Discount Geometry 2014 stainless steel, paint five parts, each 83,5 x 65,5 x 29 cm
Discount Geometry The work is based on the package design of a HARIBO cardboard box. I put the focus exclusively on its formal characteristics of color, folding as a principle of form and the seriality of the product. Regarding these qualities, I produced five metal objects that are identical in their shape. Their number corresponds with the five colors of the original box-design. The process of dividing a graphic design into its singular layers of color evokes the use of a digital method and makes the objects appear in some way virtual. The form of the objects shows a state in the process of folding/unfolding that is in between the flat cardboard and the final box. The objects are exhibited as wall pieces which address the viewer frontal in order to create a situation that emphasizes the subject-object-relation applied in minimal-art. By ignoring its representational characteristics, the work balances between abstraction and representation in a kind of pseudo-formality. detail source material
Whatever It Takes 2011 video projection 2:36 min The video captures a simple action. A person enters one object and emerges from another. The setting and camera perspective are chosen in a way that make it seem like a splitscreen video montage was applied, suggesting two seperated places being shown. In reality the video was shot in one take and the hidden part of the act was performed outside the eye of the camera. The sound track gives a hint to this fact.
Volumes 2011 objects/installation (group of 8 parts) found objects, safety glas, adhesive tape
Volumes, detail views
Maneuver 2012 video projection 6:30 min A video of a man balancing and sliding on his motorbike whilst moving slowly in circles. The action leaves ephemeral marks on the wet ground and becomes even more distinct by the continuous repetition.
Robot Rorschach 2014 29 collages, adhesive tape on paper 42 x 49,5 cm each A series of collages that was produced by putting stripes of adhesive tape on paper, cutting the paper and rearranging the pieces to new patterns that can trigger associations related to pop-cultural icons, clothing design and architecture.

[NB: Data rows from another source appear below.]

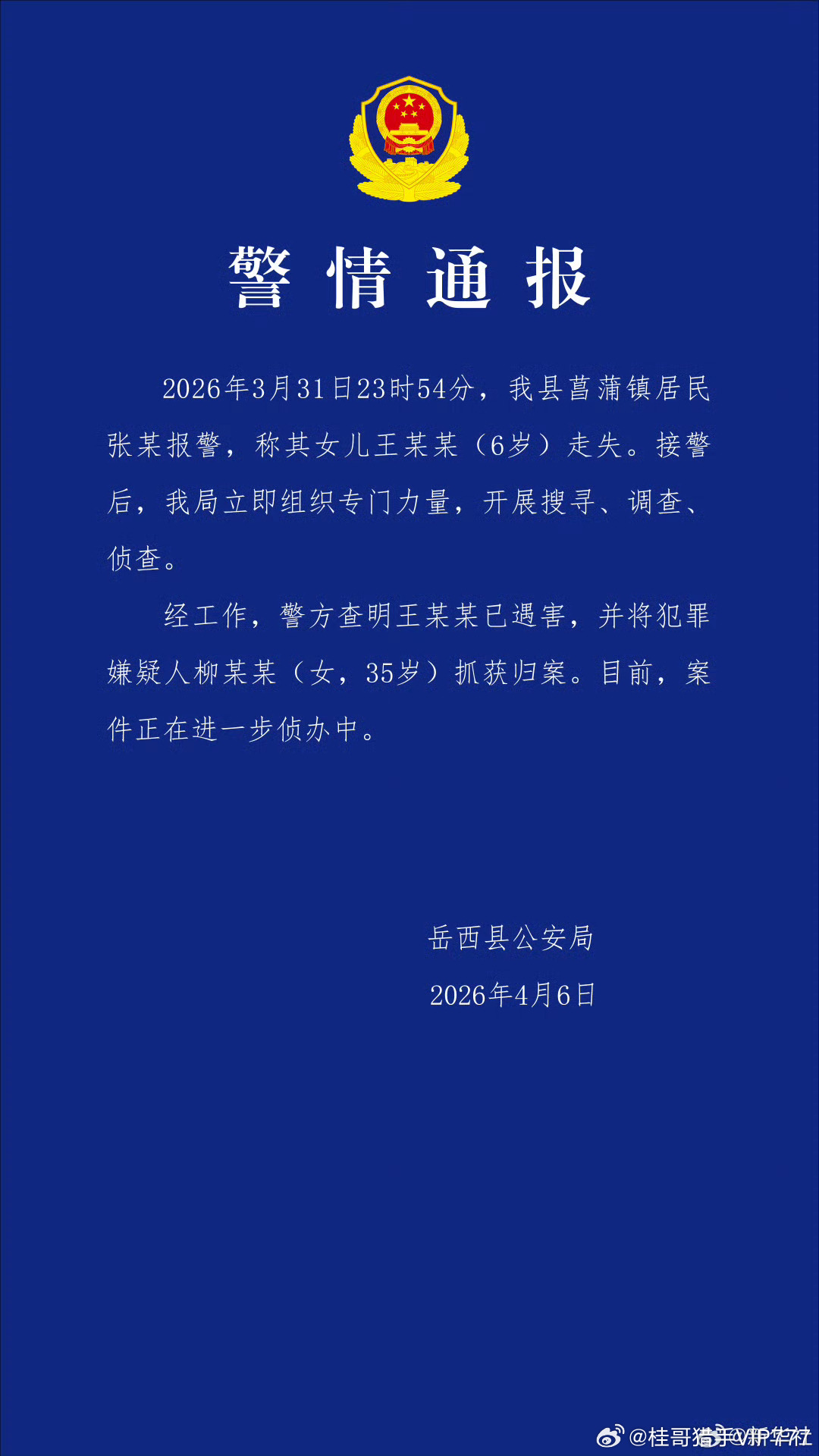 6日晚,当地发布通报称,该女童已遇害,犯罪嫌疑人柳某某(女,35岁)已被警方抓获归案。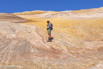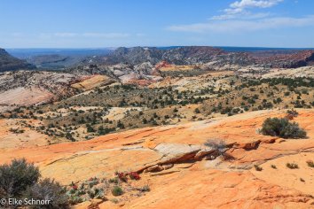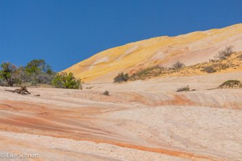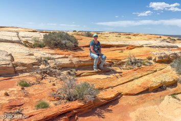 Und der Weg hinauf auf die höchste Stelle des Yellow Rock lohnt auf jeden Fall. Uns erwartet ein 360°-Panorama, was seinesgleichen sucht und in Verbindung mit dem heute fast stahlblauen Himmel einen absolut irren Kontrast bildet.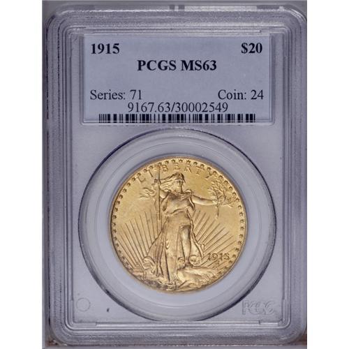 <B>1915<$20> MS63 PCGS.</B></I> Sharply struck with bright orange-gold color. A scarcer P-mint from this decade.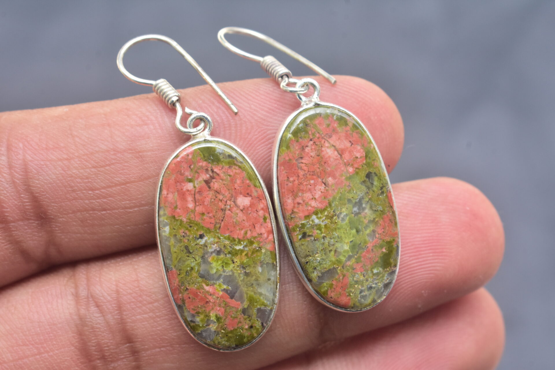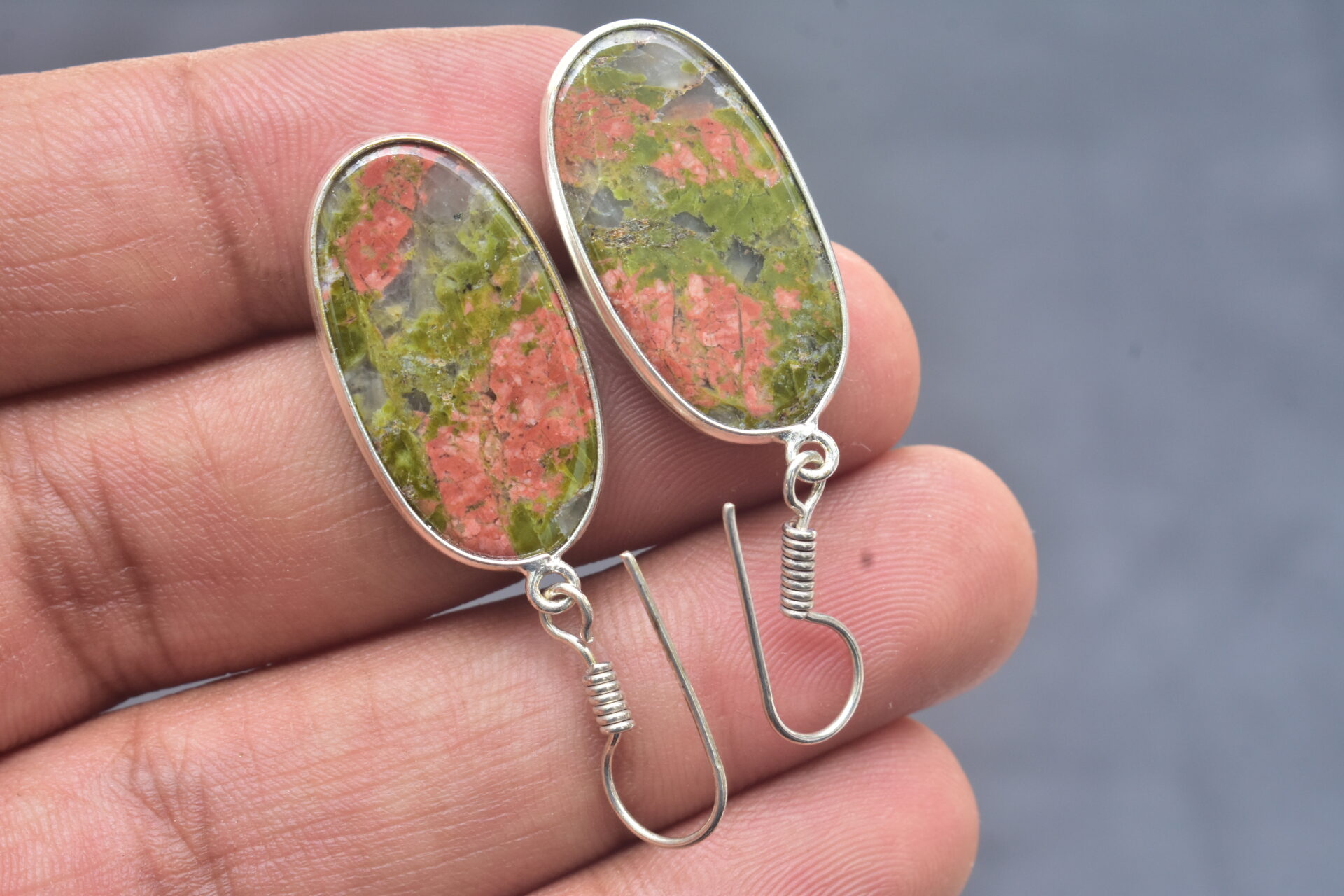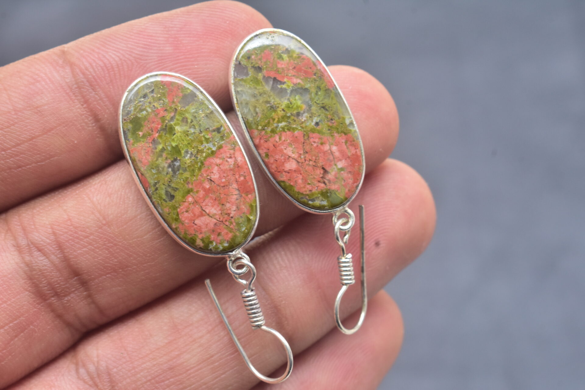 Unakite Cabochon / Plated Silver Earring / For Jewelry / Oval Shape / Loose Gemstone Jewelrys A-229

Eiladung / Egg Load 2010 architectural intervention floorboards, ladder, neon light, chicken in cooperation with Johannes Flechtenmacher We altered an exhibition space by displacement of some of its characteristic primary elements. The lighting was taken down to the floor after the floorboards were widely pulled out and shifted upwards to create a wooden shack that could be entered through the main door. Inside the dark shack was a ladder that could be climbed to get an overview of the space. Alienated from the unreal scenario of a chicken moving around in the revealed building rubble, the viewers had to remain in an observer s perspective. The installation was staged as a one-evening event. Eventually the chicken lay an egg.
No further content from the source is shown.